The Interuniversity Progress Test (IPT) analysed in this study contains 250 true-false questions (although currently multiple choice questions are used) representing a predefined blueprint based on disciplines and categories (Table 1). Every year four tests are produced which are administered in September, December, March and May to all the undergraduate medical students in the 6-year curricula of the three collaborating medical schools. The questions assess knowledge at graduate level. A don’t know option is provided and formula scoring is used, i.e. the test score is defined as the percentage of correctly answered questions minus the percentage of incorrectly answered questions (%correct minus incorrect). Standards to distinguish between pass, fail and distinction are determined for each year group separately, because knowledge levels are expected to increase as students progress through the curriculum. Individual students’ test results are fail, pass or distinction. At the end of the academic year, the combined marks on four progress tests, i.e. 1,000 items, determine whether or not a student can proceed to the next level.

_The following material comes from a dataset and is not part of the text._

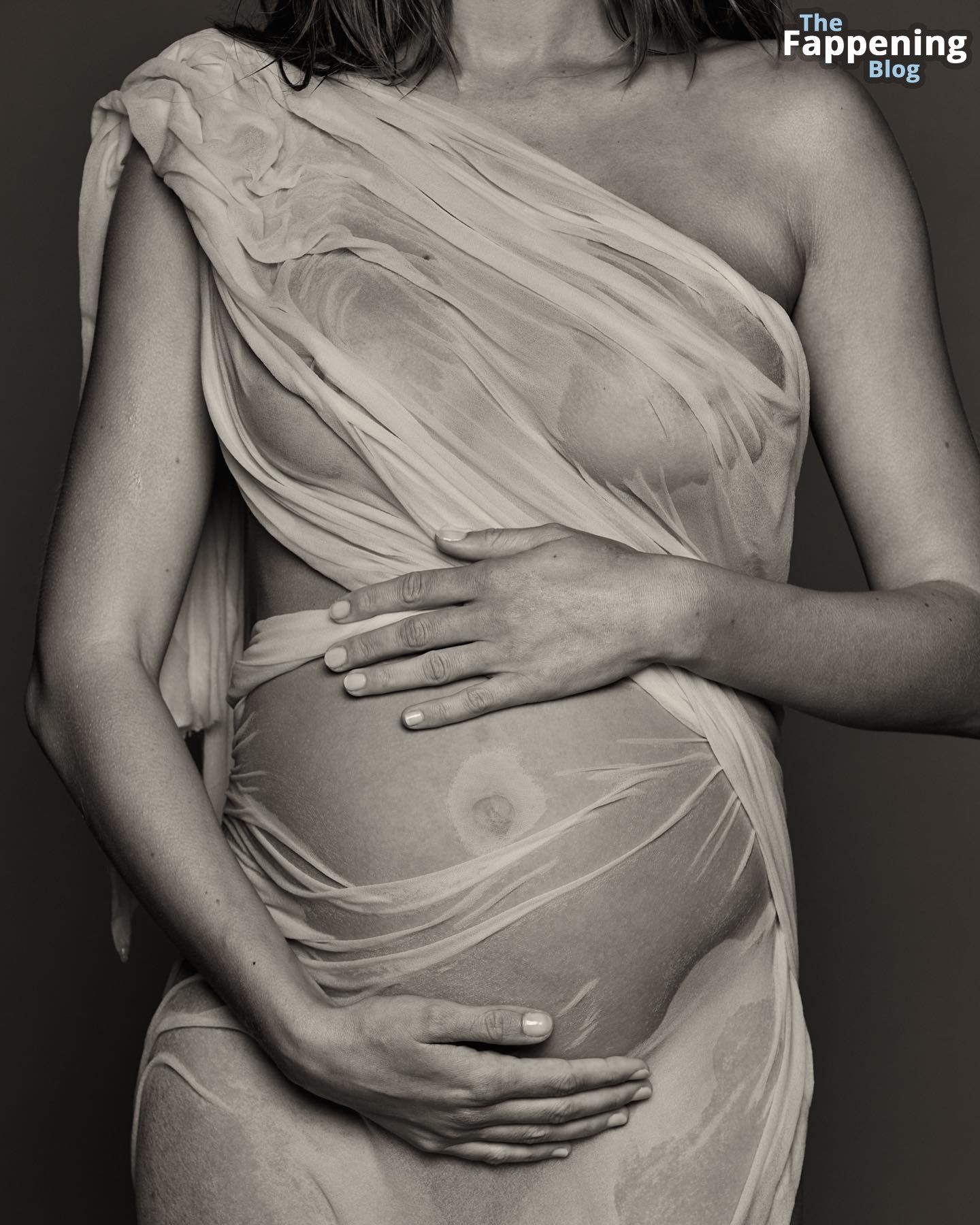 Josephine está nua e quase coberta com uma capa transparente e molhada que mostra sua gravidez. Sua imagem para este ensaio é quente, mas também reflete a ternura e feminilidade que toda futura mamãe possui. Skriver, como sempre, conseguiu transmitir emoções e sentimentos através dessas imagens, provando que estar grávida não é apenas esperar, mas também um momento em que as mulheres podem se sentir sexy e confiantes.

Table 1 Blueprint of the inter-university progress test

Test production and collaboration

Each test is jointly produced by the three medical schools in accordance with a consensus blueprint. Each school has its own test review committee, comprised of a chair and five faculty members who represent basic science and clinical science disciplines. The committees review all the items produced by their own schools. The progress test is accorded comparable status in the examination regulations of the three schools.

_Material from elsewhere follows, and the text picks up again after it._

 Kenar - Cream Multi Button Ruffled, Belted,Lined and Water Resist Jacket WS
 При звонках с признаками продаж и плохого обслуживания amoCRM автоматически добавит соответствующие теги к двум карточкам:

After each test, the results are analysed and students can hand in comments on test items. The results of item analysis and students’ comments can lead to removal of items and changes in answer keys. These decisions are always made jointly by the three review committees. Mean test scores are calculated for each test by year group both per school and across schools. These scores are the input for the cumulative deviation method.

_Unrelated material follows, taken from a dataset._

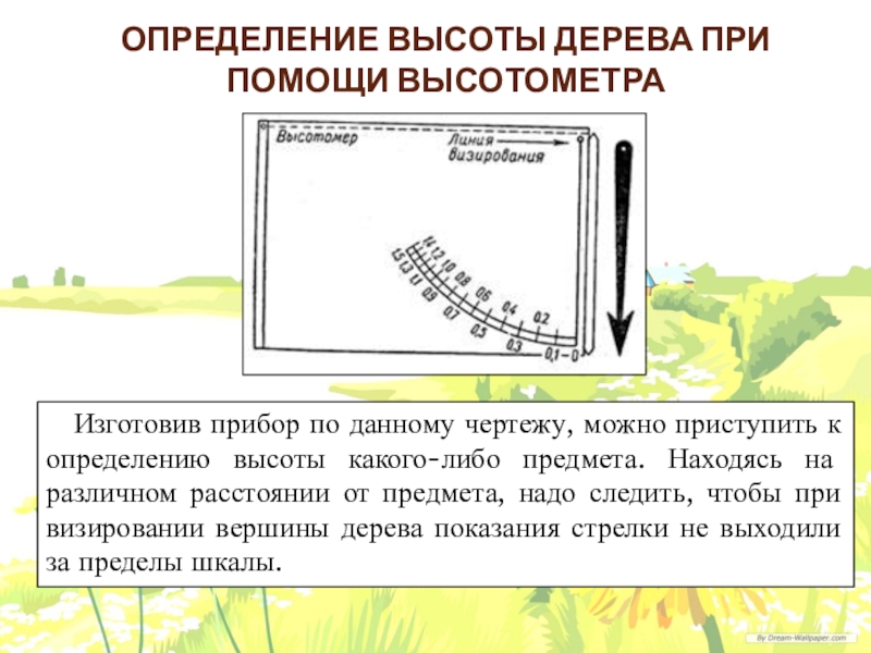можно приступить к определению высоты какого-либо предмета. Находясь на различном расстоянии от предмета, надо следить, чтобы при визировании вершины дерева показания стрелки не выходили за пределы шкалы.

Cumulative deviation method

The cumulative deviation method uses data from four tests in one academic year, representing 24 measurement moments spread over six curriculum years. Measurements 1–4 are the test results of the first-year students on the four tests, measurements 5–8 the test results of the second-year students, and measurement moment 24 is test 4 in year 6, i.e. the final progress test in the curriculum. Overall mean scores per school and across schools are calculated for each of the 24 measurement moments (Fig. 1, upper panel). The next step of the cumulative deviation method entails calculating the deviation scores for each school by subtracting the overall mean score from each school’s mean score (Fig. 1, middle panel). Following this step, cumulative deviation scores are calculated for each measurement moment for each school. This is done by averaging the deviation scores at the measurement moments leading up to the measurement moment in question. Thus the cumulative deviation of school A at measurement moment 12 is arrived at by averaging school A’s deviation scores at measurement moments 1 through 12.

Fig. 1
figure 1

Scores of the three medical schools on the inter-university progress test in the academic years 2001–2002 through 2004–2005. In each academic year test scores are obtained for 24 measurement moments (four tests in 6 year groups). Upper panel: mean test score (%correct minus incorrect) per school. Middle panel: the corresponding deviation scores (school mean minus across school mean). Lower panel: cumulative deviation scores; the symbols indicate a school’s average deviation score across all 24 measurement moments in one academic year

The deviation scores can be graphically displayed as curves across 24 measurement moments. The lower panel of Fig. 1 shows the cumulative deviation scores for the three schools, which henceforward will be referred to as schools A, B, and C. The sum of the deviation scores of the three schools at any one moment is zero. The end point of the curve of one school represents the average relative performance across four progress tests by the six cohorts of that school in one academic year, thus summarising the relative performance of that school on the progress test during that year. Positive and negative end points indicate relatively superior and inferior performance, respectively. Logically, downward trends reflect deteriorating performance, stable negative lines indicate stable below average performance, upward trends reflect improving performance, stable positive lines reflect consistently better than average performance, and if the curve is horizontal and close to the horizontal axis it indicates an episode of approximately average performance.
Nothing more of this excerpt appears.